Ela deu de ombros para a outra mulher, baixando a voz


para um sussurro. “Eu ouvi um dos mensageiros reclamando
que o Rei o havia enviado de volta ao pequeno conselho
negando seu pedido, já que você estava comprometida esta
noite.”

“Espere,” eu gaguejei enquanto uma das servas lavava a


espuma do meu cabelo. “Estou jantando com o pequeno
conselho ou não?”

A garota de cabelos escuros compartilhou um olhar com


as outras. Elas pareciam cautelosas comigo, mas também
ansiosas para me contar seus segredos. Finalmente, ela falou
novamente.

“Um banquete foi preparado, a mesa posta para seis.” A


voz dela era quase um sussurro. “Há cordas douradas em
toda a volta. Qualquer outra pessoa presente na corte pode
assistir ao jantar, mas não estará perto o suficiente para
ouvi-lo ou participar de qualquer forma.”

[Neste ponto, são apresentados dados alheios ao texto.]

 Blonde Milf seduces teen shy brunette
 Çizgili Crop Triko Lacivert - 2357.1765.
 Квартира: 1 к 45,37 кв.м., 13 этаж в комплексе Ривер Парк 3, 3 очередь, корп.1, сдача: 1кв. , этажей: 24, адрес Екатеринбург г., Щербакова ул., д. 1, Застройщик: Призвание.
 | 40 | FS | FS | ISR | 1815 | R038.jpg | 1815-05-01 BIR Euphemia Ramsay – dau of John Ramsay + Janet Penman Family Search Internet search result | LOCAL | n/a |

Eu bufei, incapaz de me ajudar. Os mestres estavam


brincando com o pequeno conselho, agora. O pequeno
conselho não tinha chance de me controlar. Minhas cordas já
estavam reunidas, vários pares de mãos determinados a me
marionetar até que eu não fosse mais útil.
Houve uma comoção no quarto quando saí do banho, e
rapidamente me enrolei em uma toalha enquanto várias
servas lutavam para entrar no closet, carregando o que
aparentemente era um pacote muito pesado embrulhado
entre elas. Colocaram no banco do camarim, retirando os
embrulhos e separando as peças. Eu estava olhando para
outro vestido. Dourado, como o anterior, embora este fosse
feito inteiramente de elos de ouro maciço.

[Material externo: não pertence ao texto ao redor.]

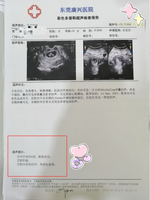 在我院不孕不育专科团队的专业治疗下,经过两个月的查因和调理,她终于迎来了转机。一次促排卵治疗成功后,她成功怀孕,并在测出怀孕后立即接受了我院的精准保胎治疗,从营养饮食、心理调适到定期产检、专业指导,每一个环节都力求做到最好。如今,已孕7周的她,胚胎健康存活,正稳步迈向幸福的未来。这个夏天,对她来说,无疑是充满希望和生机的。
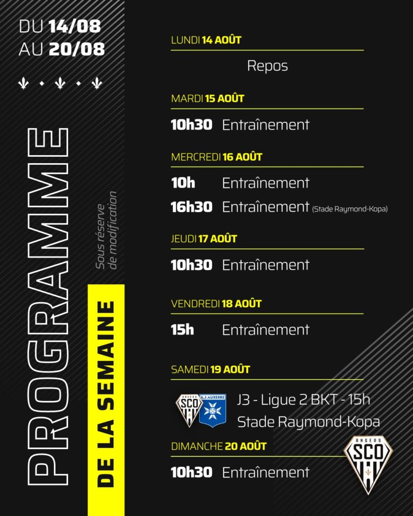 Découvrez le programme de la semaine d’entraînement des hommes d’Alexandre Dujeux avec la réception de l’AJ Auxerre, samedi 14 août 2023, à 15h.
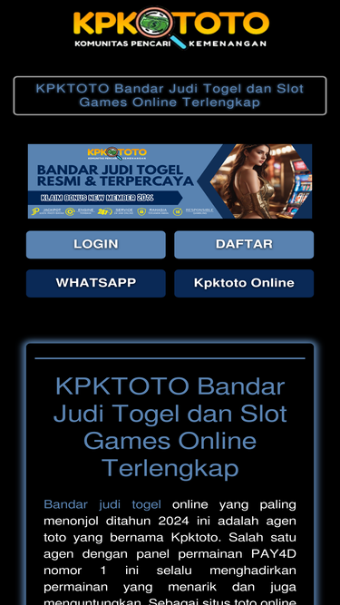 100%Kpktoto adalah situs togel resmi yang akan antar kunci kesuksesan kepada anda yang telah bermain lotto online. Melalui bo togel Kpk Toto setiap pemainnya akan diberikan bayaran terbesar.

Olhei para ele enquanto as servas se afastavam


apressadas, deixando as três originais para secar meu cabelo
em ondas suaves e fofas pelas minhas costas com a ajuda de
escovas aquecidas pelo fogo. Elas massagearam minha pele
com óleo de kalovka, usando os restos para alisar as pontas
do meu cabelo. Quando finalmente me soltaram, eu me
aproximei do vestido com uma carranca, notando que havia
uma pequena safira brilhante no centro de cada um dos elos
de ouro, presa lá por fios finos de ouro, como uma pequena
joia presa a teia de uma aranha muito precisa. Não havia
nenhum body por baixo do vestido, apenas uma camisola de
seda dourada clara, que eu vesti. Tinha mangas que
abraçavam meus braços até meus pulsos, costas que desciam
quase até a base da minha coluna e uma bainha que
deslizava contra o topo das minhas coxas.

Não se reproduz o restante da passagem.